### Brief
Each line below from the "Linhon 21 Stück" line through the "为了能够使同学们更好地了解就" line, those two included, must be restated word for word; the pictures must not be.

### Information shown
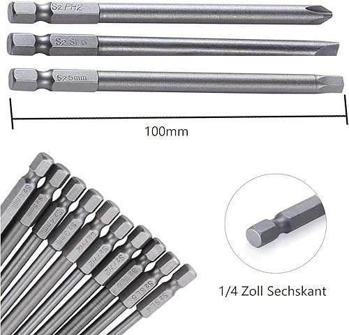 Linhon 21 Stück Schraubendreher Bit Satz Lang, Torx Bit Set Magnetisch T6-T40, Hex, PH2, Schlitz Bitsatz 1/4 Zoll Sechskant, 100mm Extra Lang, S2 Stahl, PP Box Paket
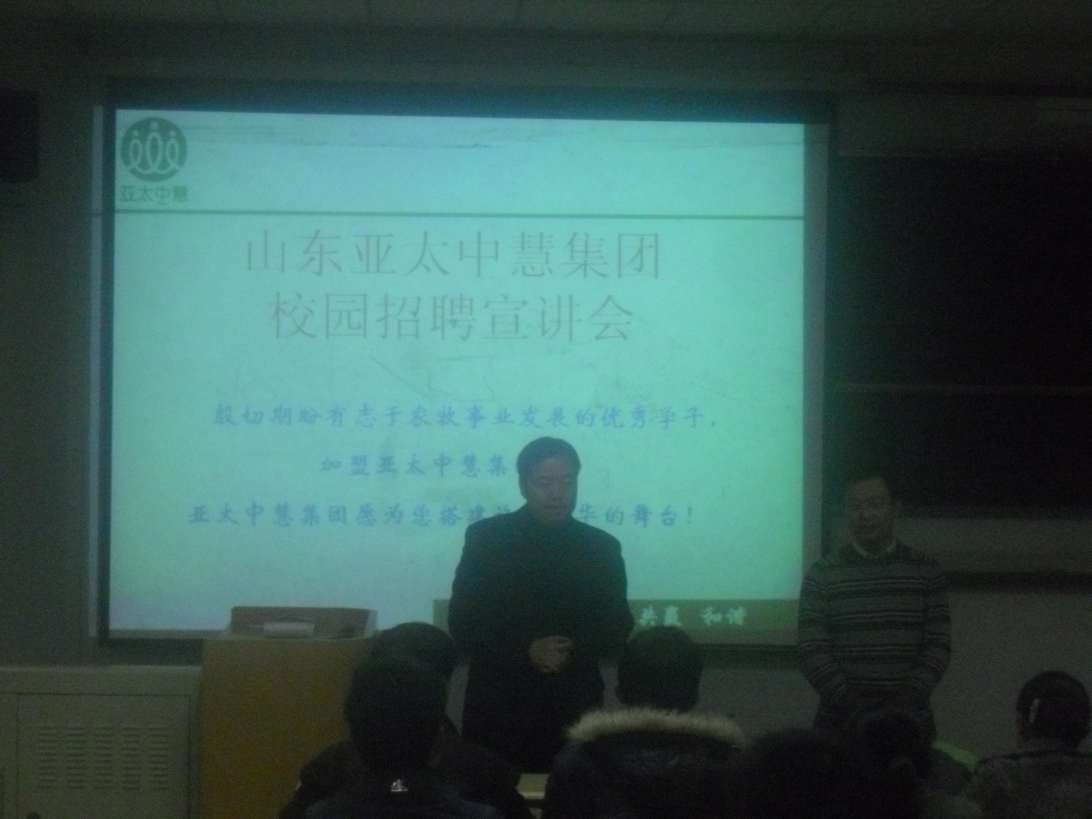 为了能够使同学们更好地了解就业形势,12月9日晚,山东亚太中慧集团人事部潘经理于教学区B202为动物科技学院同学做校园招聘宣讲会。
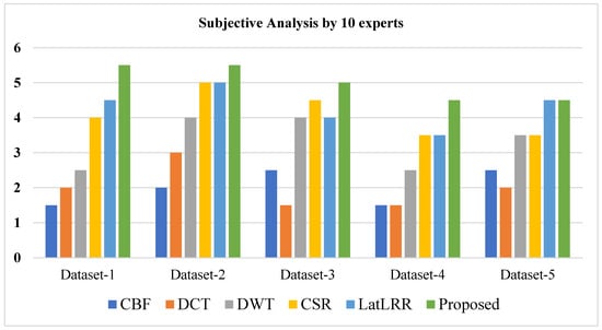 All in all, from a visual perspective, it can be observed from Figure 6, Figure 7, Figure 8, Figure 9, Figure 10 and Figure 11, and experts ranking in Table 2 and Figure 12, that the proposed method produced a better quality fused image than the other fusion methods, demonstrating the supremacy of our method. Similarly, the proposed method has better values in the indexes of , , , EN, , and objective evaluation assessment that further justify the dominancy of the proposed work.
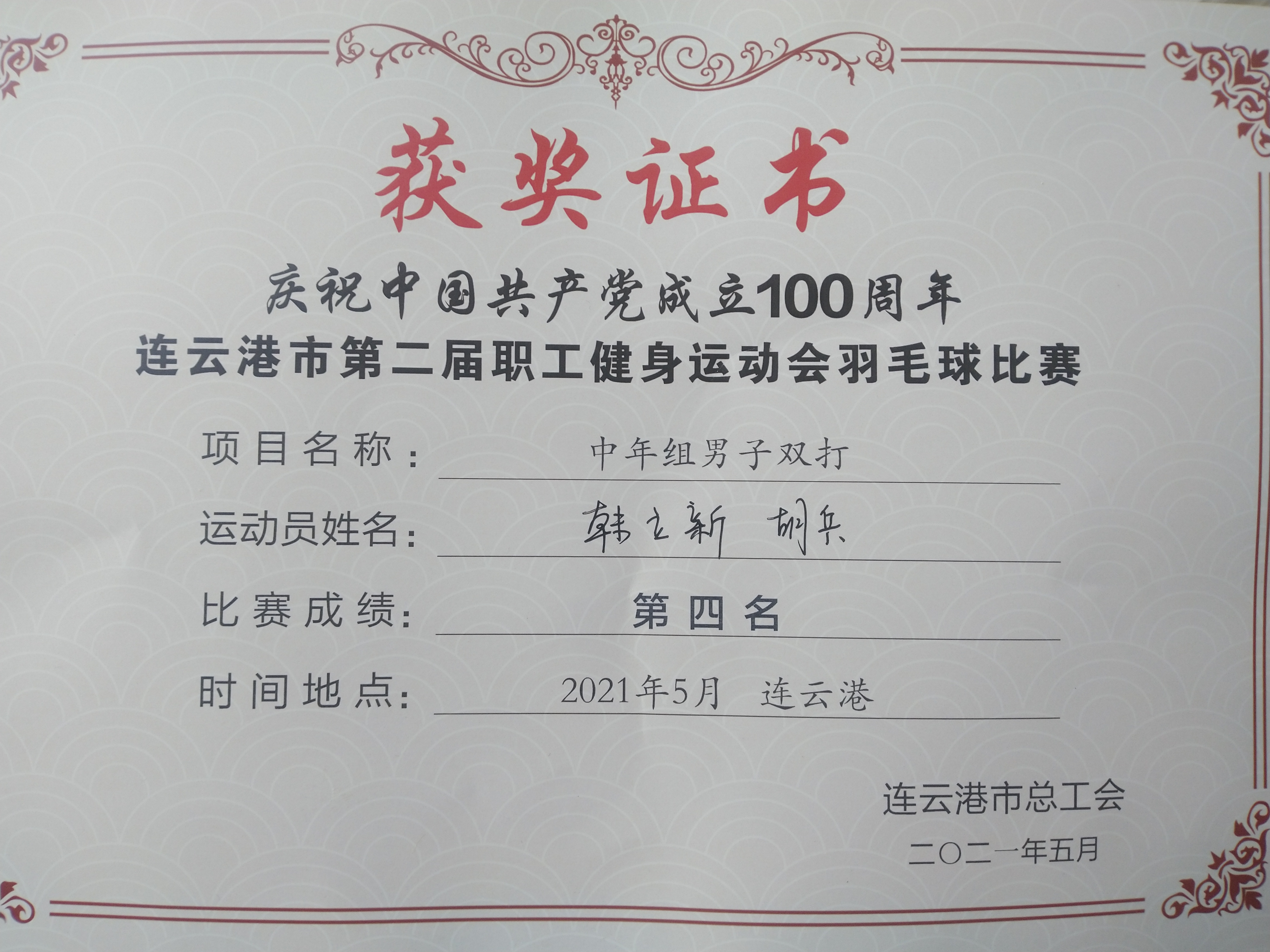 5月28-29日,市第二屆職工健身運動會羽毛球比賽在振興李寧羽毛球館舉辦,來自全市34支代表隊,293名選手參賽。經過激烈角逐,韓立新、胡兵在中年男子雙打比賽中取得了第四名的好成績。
---
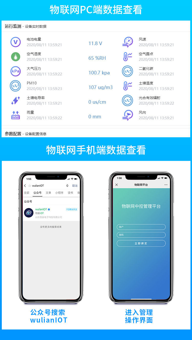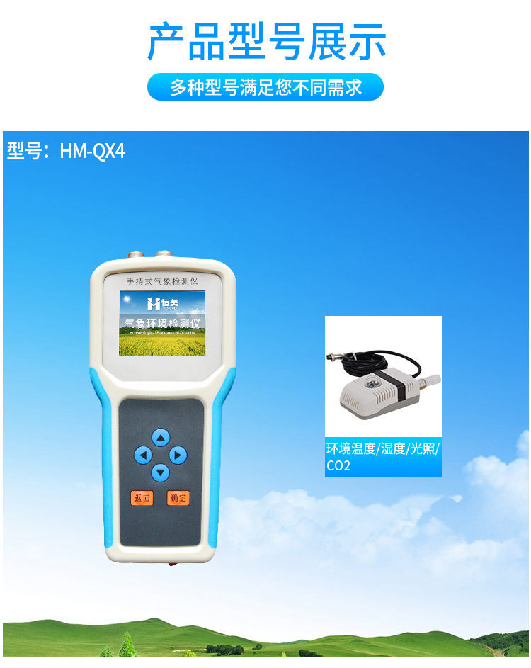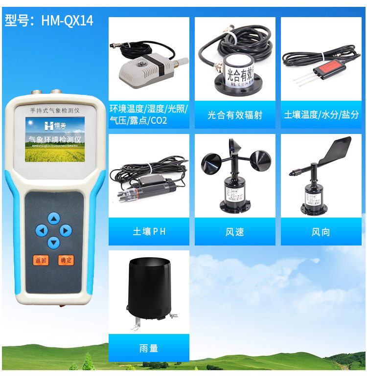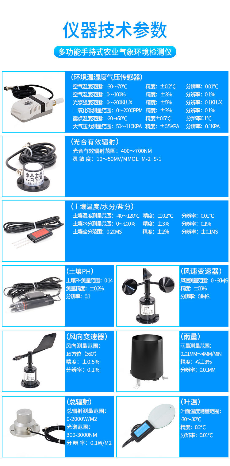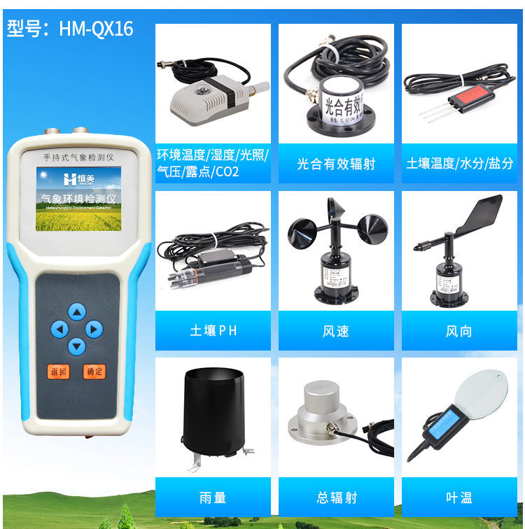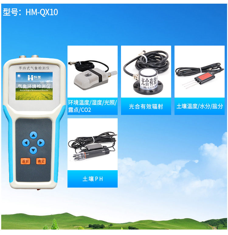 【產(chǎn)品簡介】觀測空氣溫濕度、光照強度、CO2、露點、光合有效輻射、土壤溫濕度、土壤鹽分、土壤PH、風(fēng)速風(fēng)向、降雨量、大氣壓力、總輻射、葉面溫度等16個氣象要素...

### Solution below
 Linhon 21 Stück Schraubendreher Bit Satz Lang, Torx Bit Set Magnetisch T6-T40, Hex, PH2, Schlitz Bitsatz 1/4 Zoll Sechskant, 100mm Extra Lang, S2 Stahl, PP Box Paket
 为了能够使同学们更好地了解就业形势,12月9日晚,山东亚太中慧集团人事部潘经理于教学区B202为动物科技学院同学做校园招聘宣讲会。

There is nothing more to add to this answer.